El 22 de noviembre de 1975, dos días después de la muerte del dictador Francisco Franco, Juan Carlos I fue proclamado Rey de España. Confirmó al entonces presidente, Carlos Arias Navarra, pero impuso como ministros a algunos de los políticos franquistas en principio más favorables a la apertura, como Manuel Fraga, al frente de Interior.

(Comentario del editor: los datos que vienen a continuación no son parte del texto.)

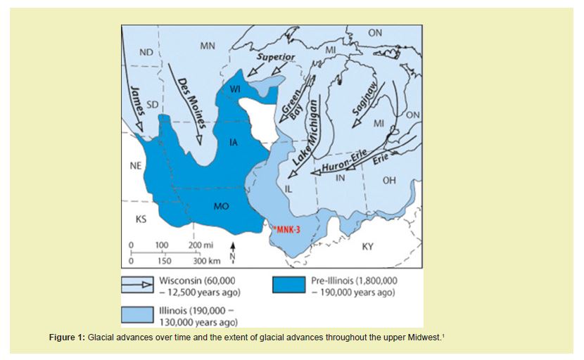 Landscape formation was glacially driven by ice advances over 12,000 years ago.1 Ice advanced and retreated and left behind a relatively young landscape compared to landscapes eroded by water and wind over millennia. The young landscapes can be identified by the colored areas in Figure 1 which show portions of the Midwestern USA that were under ice and where glacial till and other glacially derived soil was left behind. Because the landscape is relatively young, many wetlands and lakes were created as glaciers retreated leaving behind ice blocks which may have been covered or partially impacted with sediment by subsequent ice advances. Eventually, the ice blocks melted leaving a depression on the landscape. Large ice blocks left behind lakes that today offer recreation to many Midwestern states, particularly Minnesota, Wisconsin, and Michigan. However, many more small ice blocks created small ponds and wetlands scattered from North Dakota to Ohio Figure 1.1 The small wetlands were often hydrologically isolated and only overflowed into a large contributing drainage area under extreme precipitation.2,3 Today, Midwestern USA has some of the most altered hydrology found anywhere in the world, with deepen natural channels, machine dug ditches and billions of linear meters of pipe buried typically 1 to 2-m below ground. Some of the pipe is over a century old constructed of clay tile, but most of the pipe is a black flexible, corrugated, perforated plastic tube with a sediment sock to filter excess silt from entering the buried drainage system

A pesar de tal impulso, el reinado de Arrio fue un fiasco. El presidente temía que las reformas amenazaran la esencia del régimen, por lo que su política fue vacilante y contradictoria. No sólo no se legalizaron partidos y sindicatos, sino que tampoco se aprobaron los derechos de reunión, manifestación y huelga. No en vano, Arias provocó el rechazo tanto de los antifranquistas como de los franquistas liberales, así como del sector más reaccionario. Este era conocido como el “búnker” y tenía carácter minoritario, pero con presencia en la Fuerza de Orden Público (FOP).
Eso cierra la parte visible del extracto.